Breaking Numerical Assumptions

We tend to think of neural networks as mathematical abstractions that exist in a continuous realm. In reality, they are software approximations running on finite silicon. I wanted to see if the chaotic nature of floating-point math could impact the model’s destiny.

I ran two identical training timelines. In the second timeline, I added a perturbation of 1E-14, a value smaller than a single bacterium, to one weight during initialization. For the first few hundred epochs, the loss curves were identical. But then, the butterfly effect kicked in. The microscopic difference compounded through thousands of matrix multiplications, eventually causing the two models to diverge completely.

Butterfly Effect Loss Curves

Butterfly Effect Difference

This proves that training is non-deterministic at the hardware level. You cannot guarantee that a model trained on one GPU will match a model trained on another, even with the same random seed. The “function” we are building is fluid, not solid.

I then pushed the hardware simulation further by forcing the network to train in float16 (half-precision), mimicking the constraints of edge devices or aggressive quantization. The result was immediate brain death. The gradients, which were already small, underflowed to zero. The model stopped learning entirely, producing a flat-line loss curve. We often assume “math is math,” but this showed that the architecture is deeply coupled to the precision of the hardware it runs on.

Decision Boundary in Float16

Precision Collapse Loss

Breaking Execution Assumptions

Finally, I looked at the assumption that inference is a “black box,” that when we ask the model a question, the only thing that leaves the system is the answer. I instrumented the code to count exactly how many neurons in the hidden layer fired (output a non-zero value) for each class.

The results revealed a physical information leak. When the model processed “Blue” inputs, it consistently activated an average of 6 neurons. When it processed “Red” inputs, it activated roughly 7 neurons.

Side-Channel Neuron Activation

This is a classic side-channel. Even without seeing the input data or the output prediction, an attacker measuring the power consumption or execution time of the processor could statistically guess which class the model was processing. The model’s “thought process” has a physical footprint that varies based on what it is thinking about.

Implications

This investigation suggests that AI security cannot be treated as a wrapper we put around a model after it is built. The vulnerabilities are structural. The overconfidence in unseen data, the sensitivity to poisoning, the dependence on numerical precision, and the side-channel leaks are not bugs; they are inherent properties of how we do matrix multiplication on silicon.

If a toy model with fewer than 50 parameters exhibits these behaviors, we must assume that billion-parameter production models inherit them at scale. We are not building abstract reasoning engines. We are building complex, chaotic software artifacts that trust their inputs implicitly and leak their internal states physically.

Open Questions

There is much this simple experiment didn’t touch. I am curious how these fragilities change with depth, does a deeper network smooth out the “poisoning” effect, or does it offer more surface area for the boundary to warp? I also wonder how normalization layers, which I omitted for simplicity, might mask or exacerbate the side-channel leaks by standardizing activation distributions.

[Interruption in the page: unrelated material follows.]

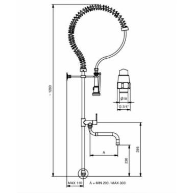 Columna ducha para prelavado vajillas H1200 con grifo a mitad del tubo para instalación grifos/mezcladores sobre encimera Idral

Most importantly, I am left wondering about the trade-off between efficiency and security. The sparse activation of ReLU is what makes it efficient, but it is also exactly what created the timing leak. It seems that many of the optimizations we rely on for speed may be the very things that make our “glass boxes” transparent to adversaries.

Open Source

I’ve open-sourced the code on GitHub. Feel free to reproduce the experiments, poke at the assumptions, and build on the framework. Understanding these fragilities is the first step toward designing more robust AI systems for the future.